Efficiency Administration On-line Coaching: Assessments To Keep away from
Performance Management Online Training: Which Online Assessments Should Be Left Out?
How do you know if your employees are actually absorbing the information and building important skills? Of course, you can always get an overview by evaluating LMS reports. However, assessments give you the opportunity to dive deeply and find out exactly where the strengths and weaknesses lie. They can identify skill gaps that are holding employees back and offer targeted support tools. But not all valuation methods are created equal. Qualitative examinations can, for example, indicate the level of understanding and fall short in the diagnostic department. For this reason, you should avoid these 7 types of online assessments in online performance management training.
7 types of online assessments that should be omitted from performance management training
1. Multiple choice exams
Multiple choice exams are perfect for compliance knowledge or other quantifiable online training topics. For example, testing an employee’s ability to remember company policies. However, online training in performance management requires a more qualitative approach. Instead of just determining if an employee can guess the correct answer from a list of answers. They need to be able to see if they can put their skills and knowledge into action.
2. Compulsory Peer-Based Review
Inviting colleagues to review each other’s work and highlight potential for improvement has its advantages. In informal training environments, for example, peers are given the opportunity to interact and provide eLearning feedback based on their previous experience. However, the most effective online performance management training reviews should be more personal. Employees must be able to evaluate their own performance and recognize their own sticking points. Peer-based reviews should never be forced upon the individual. It is a helpful training tool if you so choose, but you also need the opportunity to reflect for yourself. Some may feel uncomfortable about being “judged” by colleagues pointing out their mistakes.
3. Right / wrong
Employees have a 50/50 chance of getting it right. Hence, true or false ratings don’t really test the real world application or whether they really understand the task / behavior. Or even if they completely understand the matter from the outset. Fill-in-the-blank and short-answer exams also fall into this category and should be avoided in online performance management training. Even compliance tasks are difficult to measure with these more rudimentary types of assessment. Because they lack the ability to recognize the level of knowledge of employees and how well they are using it in the workplace to increase efficiency.

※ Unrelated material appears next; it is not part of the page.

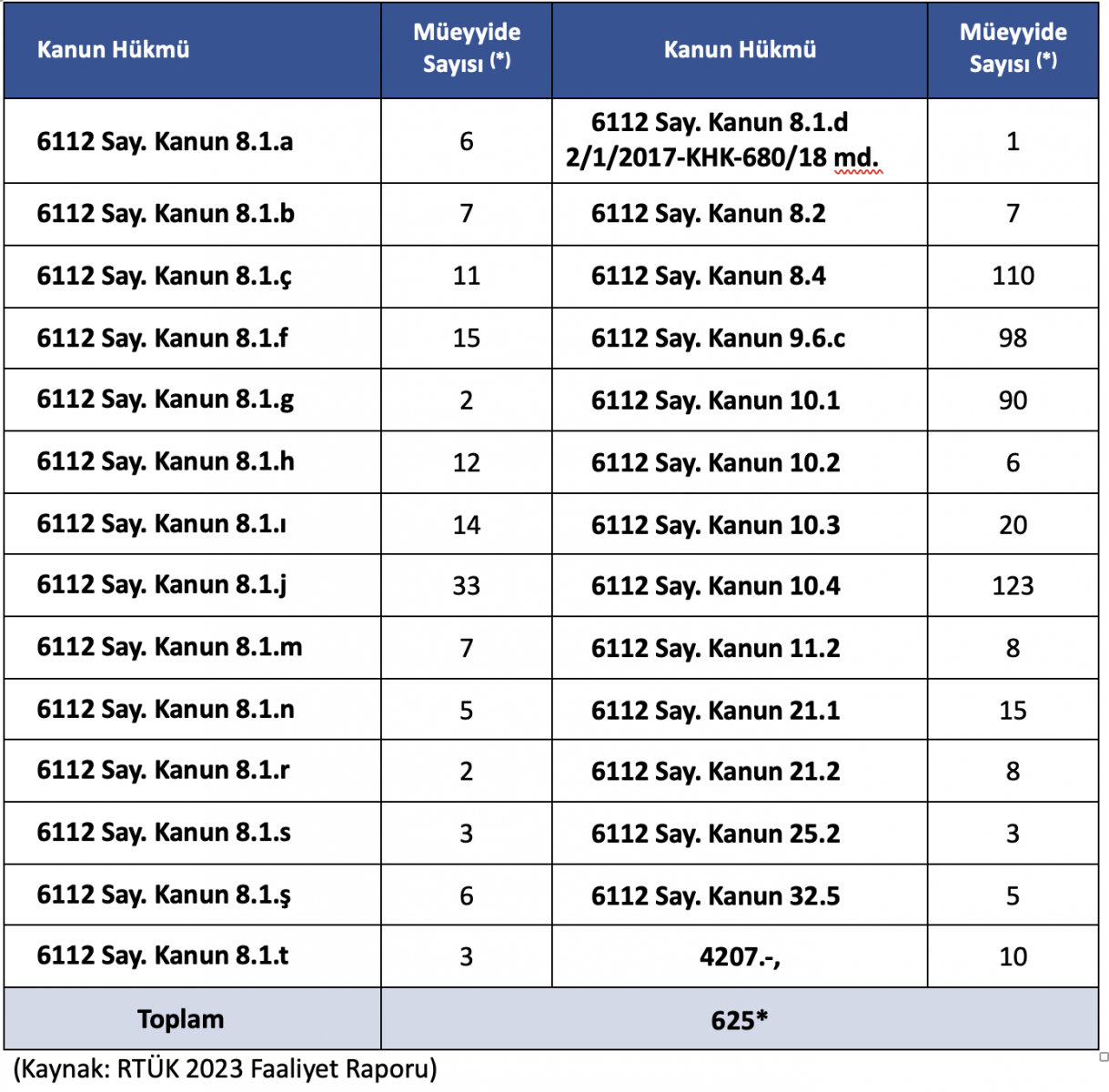 ''6112 sayılı Kanun’un, ‘Yayın Hizmeti İlkeleri’ başlıklı 8’inci maddesi, ‘Genel Esaslar’ başlıklı 9’uncu maddesi, ‘Televizyon ve Radyo Yayın Hizmetlerinde Reklam ve Tele-Alışveriş’ başlıklı 10’uncu maddesi, ‘Belirli Ürünlerin Ticarî İletişimi’ başlıklı 11’inci maddesi, ‘Program Desteklemesi’ başlıklı 12’nci maddesi, ‘Ürün Yerleştirme’ başlıklı 13’üncü maddesi, ‘Kamunun Önemli Olaylara Erişimi’ başlıklı 17’nci maddesi, ‘Logo ve Çağrı İşareti’ başlıklı 21’inci maddesi, ‘Koruyucu Sembol’ sistemi başlıklı 24’üncü maddesi ve ‘Yayın Kayıtlarının Muhafazası’ başlıklı 25’inci maddesi ihlallerinden dolayı; 49 adet medya hizmet sağlayıcı kuruluşa 358 adet müeyyide tutarı olarak 77 milyon 692 bin 761 TL, 6112 sayılı Kanun’un ‘Gelirlerin Tahsili’ başlıklı 42/4 ve 42/5 maddelerinin ihlallerinden dolayı; 158 adet medya hizmet sağlayıcı kuruluşa 343 adet müeyyide tutarı olarak 3 milyon 514 bin 877,50 TL, 4207 ve 4250 sayılı Kanunlara muhalefetten dolayı ise; 2 adet medya hizmet sağlayıcı kuruluşa 10 adet müeyyide tutarı olarak 694 bin 110 TL, olmak üzere toplam 81 milyon 901 bin 748,50 TL idari para cezası uygulanmıştır.''

4. Theoretical simulations
Simulations are a great way to evaluate the real world application and gauge whether the employee knows how to use their skills in the workplace. However, you need to make them contextual in order to evaluate employees’ talents and help them achieve positive performance. For example, add realistic characters and challenges so you can see how they’re reacting and what else they need to work on. Instead of just testing their knowledge of the theory behind the task, like remembering every step.

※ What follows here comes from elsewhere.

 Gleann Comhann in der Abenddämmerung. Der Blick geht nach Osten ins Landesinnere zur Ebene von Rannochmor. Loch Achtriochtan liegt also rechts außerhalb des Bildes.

5. Ambiguous branching scenarios
The key to successful branching scenarios lies in the clear definition of the decision points and the range of results. Especially if you are using them as online performance management training reviews. Employees need to know why their decision was right / wrong and how their behavior and actions led them to this point. For example, where they started going down the wrong path that led them to the worst possible outcome. Ambiguous branch scenarios fail because they fail to provide employees with effective eLearning feedback or guidance. They know they weren’t doing their best but aren’t sure why or how to improve. Which, frankly, makes them feel a little drained and demotivated. Instead of giving them a chance to fix the performance problem and be motivated to reach their potential.
6. Serious games that lack immediate follow-up
Serious games are not only addicting, they also help measure performance and fix problem areas. In certain cases, employees may be having so much fun that they don’t even realize they’re being assessed. The problem is that these serious game assessments have to be paired with immediate follow-up and make real application easier. For example, you can include interesting characters and storylines, but everything must be task or performance related. Otherwise, the game will become a distraction instead of an effective assessment method in online performance management training. Incorporate recommendations and follow-up online training recommendations retrospectively. As well as personalized eLearning feedback that informs employees how to increase their productivity and performance based on their gaming performance.
7. Preliminary assessments that do not fill any personal gaps
The pre-evaluation of employees gives you the opportunity to find out how much they know, what they need to learn and where to go next. However, the pre-assessments should be based on personal gaps instead of trying to throw the net wide. Formulate the questions to target specific skills or task performance issues that hold employees back. Ultimately, each question should help you get inside the employee’s mind to see how they rate their own performance. And where they believe they need to improve based on past experiences and results. Avoid generalized questions so that you can put them on the right track and put them into an appropriate group. For example, with other customer service reps who need to perfect their POS troubleshooting or communication skills.
The online performance management training includes a fair amount of self-analysis and ongoing support. Employees need to be able to identify weaknesses and address them immediately to improve productivity. However, these types of assessment only brush the surface instead of delving into individual areas for improvement. Some can even exacerbate the performance problems because they only test theoretical know-how or do not offer any direct follow-up.